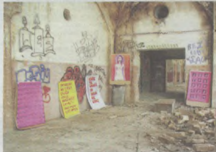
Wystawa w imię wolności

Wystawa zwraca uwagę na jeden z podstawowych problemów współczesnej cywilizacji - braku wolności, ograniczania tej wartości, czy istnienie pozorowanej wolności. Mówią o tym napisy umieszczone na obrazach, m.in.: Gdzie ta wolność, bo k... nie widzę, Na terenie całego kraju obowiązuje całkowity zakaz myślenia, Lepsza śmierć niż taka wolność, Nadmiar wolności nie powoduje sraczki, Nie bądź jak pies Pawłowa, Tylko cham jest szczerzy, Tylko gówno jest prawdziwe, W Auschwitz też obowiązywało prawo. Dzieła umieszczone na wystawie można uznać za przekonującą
--
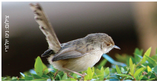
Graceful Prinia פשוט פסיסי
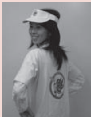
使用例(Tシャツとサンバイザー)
---
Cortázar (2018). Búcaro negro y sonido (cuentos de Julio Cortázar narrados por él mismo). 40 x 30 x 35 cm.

> **TASK TO CARRY OUT**: In the records above, how many lines include "Wystawa"? Reply only with the number.

> **ANSWER FOR THE TASK**: 2